It is commercially impractical to use fully saturated colors as the
primary colors. In a practical implementation, the primary colors
R, G, B are selected as is shown by way of example in FIG. 6. All
colors which can be represented by using these primary colors R, G,
B are indicated by the triangle CT. All the colors on and inside
the triangle can be represented by a display device which uses
these primary colors R, G, B.
[0054] Every color is completely determined by its x and y color
coordinates because these coordinates determine the tint and the
saturation of the color. At a particular ratio of the primary
colors R, G, B (dependent on the color coordinates of the primary
colors R, G, B, this ratio may, for example, in the NTSC standard,
be: 30:59:11) white W is obtained. The tint of the color of a point
AC in the color triangle CT is found as the junction SC of a line
through this point AC and the white point W and the locus VC. The
saturation of the color of this point AC is determined by the ratio
of the distance between on the one hand the points AC and W and on
the other hand between the points AC and SC.
[0055] Instead of using the three primary colors R, G, B shown it
is possible to use more primaries, for example to obtain a polygon
covering a larger area of the locus VC than the triangle CT does.
It is also possible to add a primary color white W. In the matrix
display discussed, the sub-pixels 10 have the different colors
determining the polygon indicating which colors can be
displayed.
[0056] FIG. 7 shows an embodiment of the active matrix display. The
active matrix display comprises an active matrix display device 1
which comprises the pixels 10 (see FIGS. 1 and 8) associated with
intersecting select electrodes SE and data electrodes DE. The
select driver SD supplies select voltages or select data to the
select electrodes SE to select the select electrodes SE one by one.

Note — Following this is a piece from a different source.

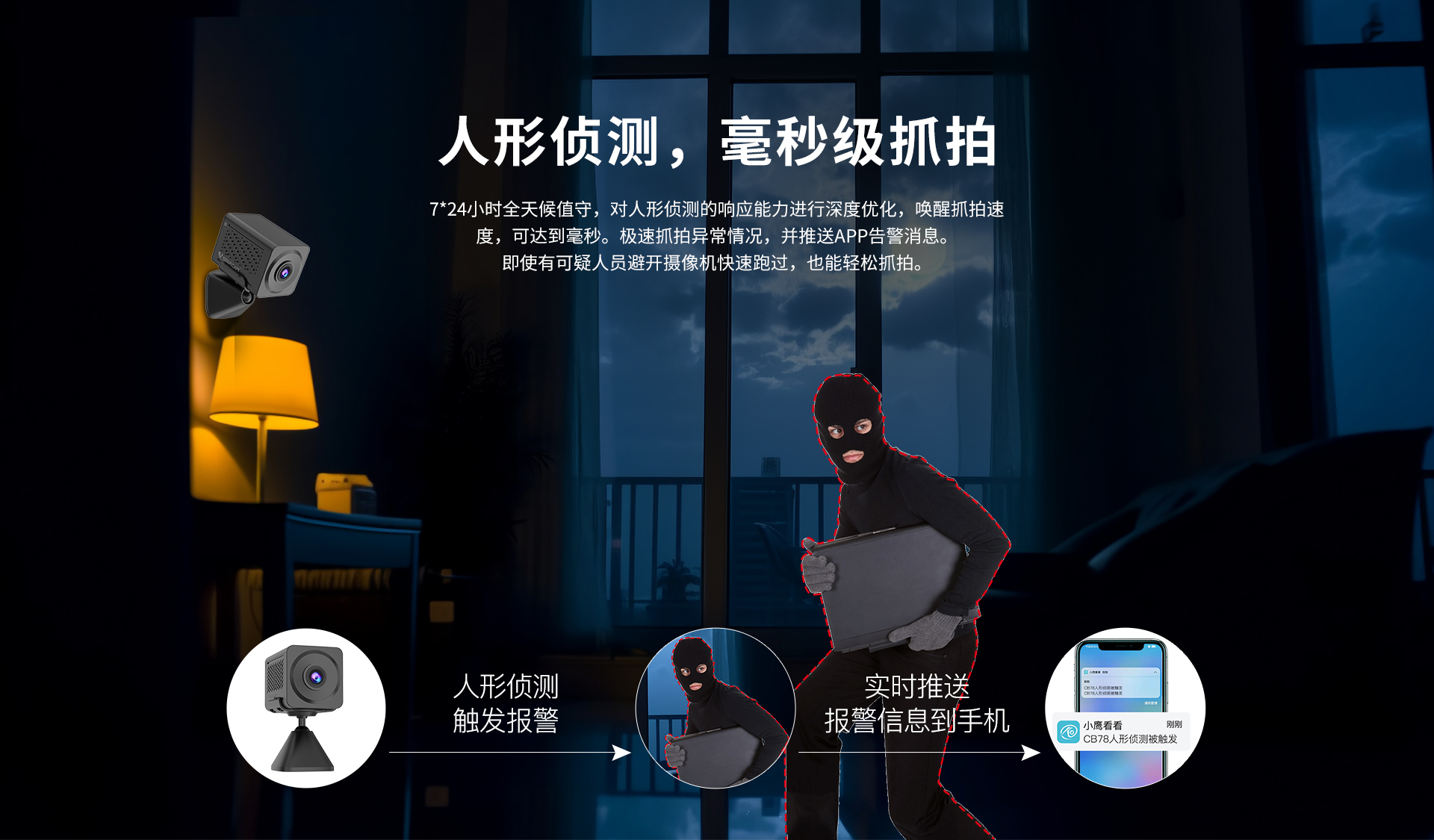 报警 | 报警检测 | 支持移动侦测,人形侦测,人形框定,人形追踪,警笛报警音,区域侦测 |

This means that the pixels 10 associated with the selected select
electrode SE will produce an amount of light determined by the data
D supplied by the data driver DD to the data electrodes DE. When a
next select electrode SE is selected, the state of the pixels 10
associated with the previously selected select electrode SE is
kept. Again the state of the pixels 10 associated with the now
selected select electrode SE is determined by the data D on the
data electrodes DE. All the select electrodes SE have been selected
once after a frame period to display a complete image. The next
image will be displayed during the next frame period. The power
supply PS supplies the power supply voltage VB to the power supply
electrodes PE (see FIG. 1) of display device 1.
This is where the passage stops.